To describe a quantitative distribution for AP Stats, cover shape, center, spread, and unusual features. Shape: say if it’s symmetric, skewed right (long right tail) or left, unimodal/bimodal, or uniform (use histogram/dotplot). Center: report median for skewed data (or mean if roughly symmetric); give a number (e.g., median ≈ 50). Spread: give IQR (with median/boxplot) and/or standard deviation (with mean); report approximate values (e.g., IQR = 20, s = 6). Unusual features: note outliers, gaps, or clusters and their values. For comparisons, state which distribution has a larger center or more variability. Use appropriate graphs (histogram, boxplot, stem-and-leaf) and language from the CED (skewness, IQR, median, mean, outlier). Practice describing real examples at Fiveable’s Topic 1.6 study guide (https://library.fiveable.me/ap-statistics/unit-1/describing-distribution-quantitative-variable/study-guide/4dcjgkWfLu7tmS9bDtjP) and try more problems at (https://library.fiveable.me/practice/ap-statistics).
What's the difference between skewed left and skewed right distributions?
Skewness describes which way a distribution’s tail stretches. Per the CED (UNC-1.H.3), a distribution is skewed right (positive skew) when the right tail is longer than the left—that means a few large values pull the tail to the right.

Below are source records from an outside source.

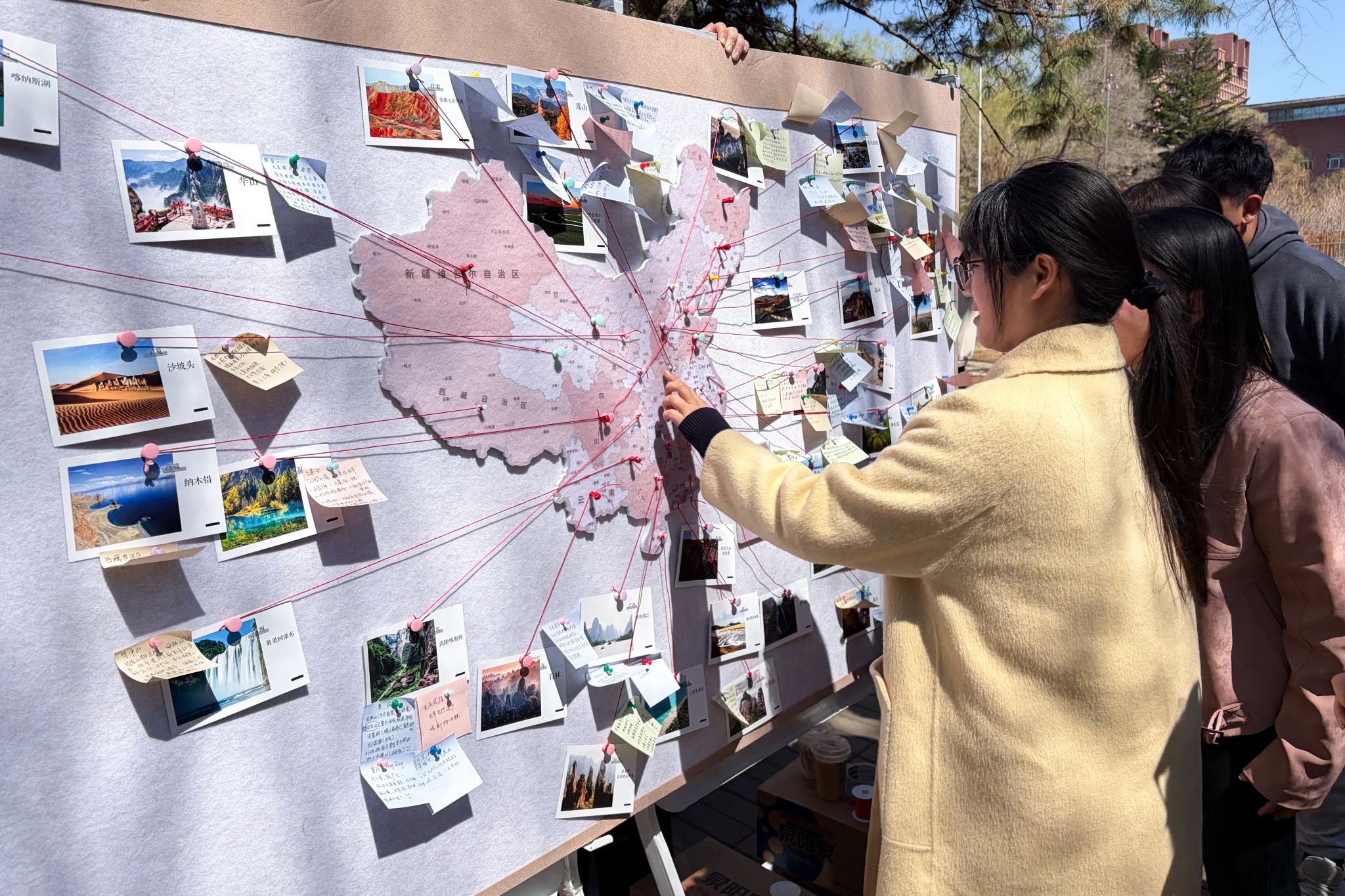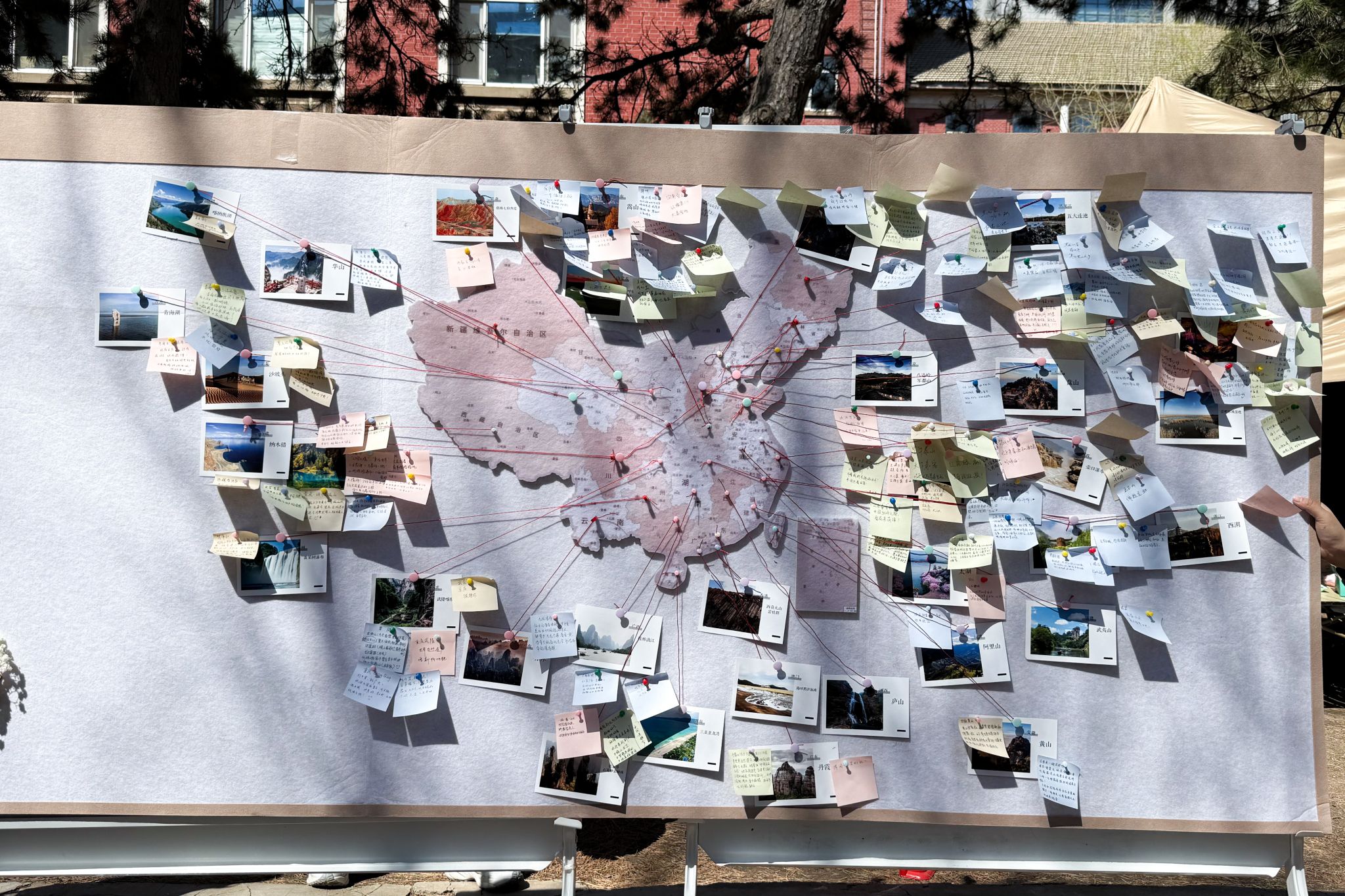 “一刻自然·露营漫游站”设置在地理楼南草地露营区,不但为师生打造了一方静谧的自然天地,还进行了地理景观的地图贴图展示。现场邀请同学们在准备好的中国地图上,对应标注各地特色自然地理景观,在便利贴上撰写一段家乡的自然地理景观介绍,粘贴到对应省份的景观旁,领取精美小礼品。活动引导同学们深入了解各地自然地理风貌,增强对家乡自然环境的认同感与自豪感,促进不同地域文化间的交流互鉴。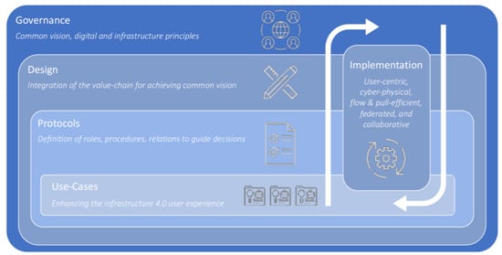 - Bühler, M.M.; Jelinek, T.; Nübel, K.; Anderson, N.; Ballard, G.; Bew, M.; Bowcott, D.; Broek, K.; Buziek, G.; Cane, I.; et al. A new vision for infratech: Governance and value network integration through federated data spaces and advanced infrastructure services for a resilient and sustainable future: Policy brief. In Think20 (T20) Italy 2021-Task Force 7: Infrastructure Investment and Financing; Secretariat T20 Italy: Rome, Italy, 2021; p. 27. [Google Scholar]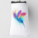 Bright, iridescent, exotic flying hummingbird on white background, painted over with multicolor, watercolor paint. Rainbow hummingbird.

In that case the mean is usually larger than the median. Skewed left (negative skew) has a longer left tail (a few unusually small values) and the mean is usually less than the median. You’ll see skewness on histograms, dotplots, and boxplots—look for the longer tail and any outliers. For AP Stats, always describe shape, center, spread, and unusual features (UNC-1.H.1) when you report skewness. Want extra practice spotting skew and comparing mean vs. median? Check the Topic 1.6 study guide (https://library.fiveable.me/ap-statistics/unit-1/describing-distribution-quantitative-variable/study-guide/4dcjgkWfLu7tmS9bDtjP) and Unit 1 overview (https://library.fiveable.me/ap-statistics/unit-1). Practice problems are at (https://library.fiveable.me/practice/ap-statistics).

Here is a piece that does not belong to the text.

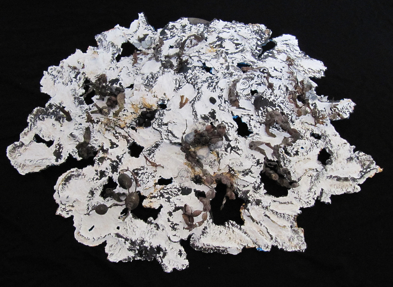 een object gemaakt van papier en materiaal "gevonden" op het strand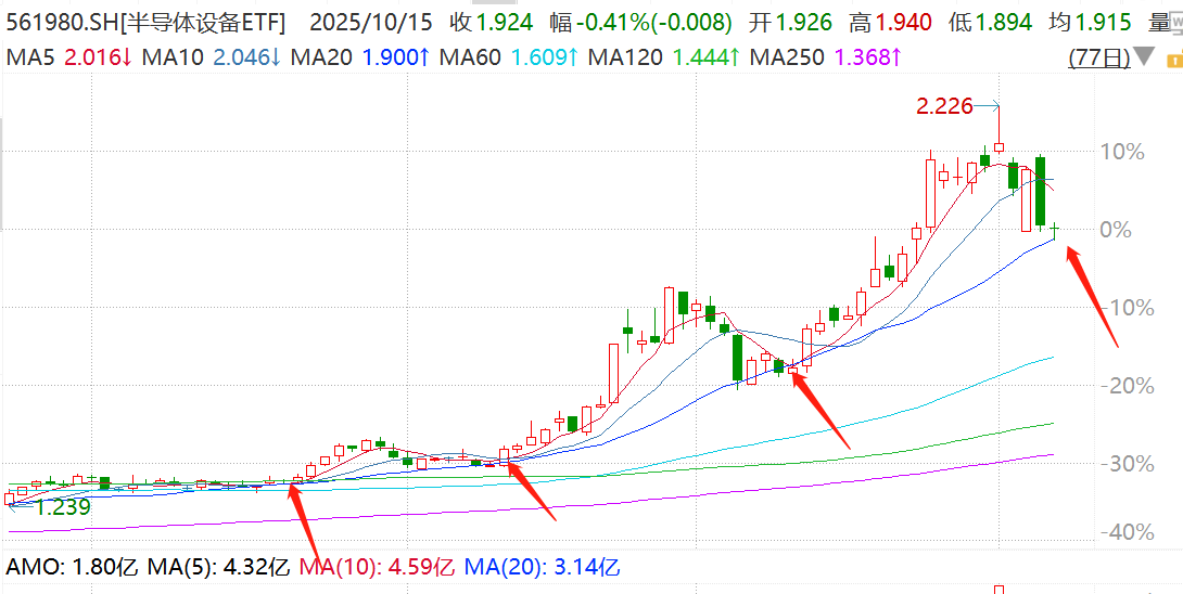 这几天,半导体设备板块一直在调整。半导体设备ETF(561980)再度回落至20日均线,从今年6月以来的这波主升浪,几次回调都以此为支撑。如果半导体行情还没结束,那么目前反而是很好的上车机会。

When do I say a distribution is unimodal vs bimodal?
Say a distribution is unimodal when its graph (histogram, dotplot, stem-and-leaf) has one clear main peak—one region where observations concentrate. Call it bimodal when there are two distinct, prominent peaks (two separate concentrations) usually separated by a gap or lower-frequency region. The CED lists “one main peak = unimodal” and “two prominent peaks = bimodal” as part of describing shape (UNC-1.H.4). A couple of practical tips: small changes in histogram bin width or a noisy sample can create or hide modes, so check with different bin widths or a dotplot. Also decide whether peaks are “prominent” (meaningful clusters, not tiny bumps or outliers). If there are more than two clear peaks call it multimodal. For AP review, remember shape (including number of peaks), center, spread, and unusual features are required when you describe a quantitative distribution (see the Topic 1.6 study guide on Fiveable: https://library.fiveable.me/ap-statistics/unit-1/describing-distribution-quantitative-variable/study-guide/4dcjgkWfLu7tmS9bDtjP). For extra practice, try problems at https://library.fiveable.me/practice/ap-statistics.
I'm confused about outliers - how do I know if a data point is an outlier or not?
An outlier is a value that’s unusually small or large compared to the rest of your data (an “unusual feature” in the CED, UNC-1.H.2). The common rule AP expects you to use is the 1.5·IQR method: - Compute Q1, Q3, and IQR = Q3 − Q1. - Lower fence = Q1 − 1.5·IQR. Upper fence = Q3 + 1.5·IQR. - Any data below the lower fence or above the upper fence is an outlier. You should also eyeball graphs (boxplots, histograms, dotplots, stem-and-leaf)—an isolated point far from clusters or in a long tail looks suspicious. Always think about context: a “true” outlier might be a recording error (fix or remove) or a real extreme value you should keep. On the AP exam, name outliers as unusual features and justify them (show fences or point to the plot). For a quick review, see the Topic 1.6 study guide (https://library.fiveable.me/ap-statistics/unit-1/describing-distribution-quantitative-variable/study-guide/4dcjgkWfLu7tmS9bDtjP) and try practice problems (https://library.fiveable.me/practice/ap-statistics).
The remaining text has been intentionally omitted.